CPU saving states, virtualization, HPC function for higher computing power and APMM, remember that the higher OC off.









Set NorthBridge









SATA settings





Further setting for USB and USB3.0 









Then we have a set of additional, external chips - eSATA, LAN, some USB3.0





Also setting ROG connect and post display






You can also deactivate the LED lighting 





MONITORING is a separate tab, the name suggests, it allows you to read temperature, voltage, speed ventioátorů and their regulation.









The temperature section you can also set individual temperature protection.





Fan speed control is nicely part for setting the fans. The fan can be controlled according to the connected jack as PWM or DC. Speed ​​can then be set several profiles or individually (and even more interesting then the software Fan Expert I/II). Just enter the lowest and highest temperature plus the fan speed.













Penultimate is the BOOT tab. There are quite a lot of added items. First set NumLock on boot. Sometimes it is useful.





POST Delay Time - Post time delay, the shorter, the faster boot. 





Fast boot - the main purpose of fast boot time is running Windows8, even with windows7 SSD and you will see quite a lightning start.





PS2 keyboard / mouse support - also an interesting item, you may have an active PS2 devices during fasting or up only in the operating system
DirectKey enabled - if it is in its default setting, pressing Directkey the PC off and then on to get to the BIOS. That you are indeed seen in the video. You do not have to press DEL etdy crazy and can come in handy during that know about a problem you need to solve through the BIOS and you're lazy grabber of a mouse or keyboard and the PC rebooted. Alternatively, you leave this problem for another day, and at least it will not forget ...





Security boot parameters - also useable for more Win8 and data security and authenticity of the operating system, installed software. Advantage or disadvantage -)? If you set Win8 UEFI, it is a "problem" for many of you in the world .

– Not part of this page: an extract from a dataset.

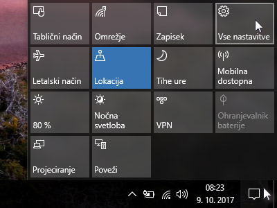 ![]() Podnapise lahko tudi prilagodite. Kliknite na ikono za obvesila (spodaj desno, glej sliko) in izberite Vse nastavitve. |

The last tab is a TOOL, it contains information about SPD memory based flash EZ Flash 2, saving options OC profiles and profile under the button GO Button.













V.BUNDLED SOFTWARE

The alpha and omega of software AI Suite II. That in itself has several subsections and useful featur, list them gradually encapsulated:

Turbo-V Evo: software for debugging and stepping of the processor. Voltage can be set for different subparts of the processor, memory





Digi + power control: phase control settings and everything associated with it, not only for the CPU, but also for the DRAM













EPU: setting saving methods that do not relate directly to the p-state of the processor. However, I do not recommend the use for OC!





Fan Expert  I/II: management and monitoring of fan speed, you can choose from several preset profiles, or simply use the mouse moves on the chart vytovřit and then save your own profiles. Definitely a nice utility you will use.









Probe II:software for monitoring voltage, temperature and fan speed, which alerts you to critical events. Critical values ​​of the sliders directly set and exceeded their software will alert you in the operating system jumping messages window.





Sensor recorder: the name suggests, it is a video recording voltage, speed and so you can create a small report to save.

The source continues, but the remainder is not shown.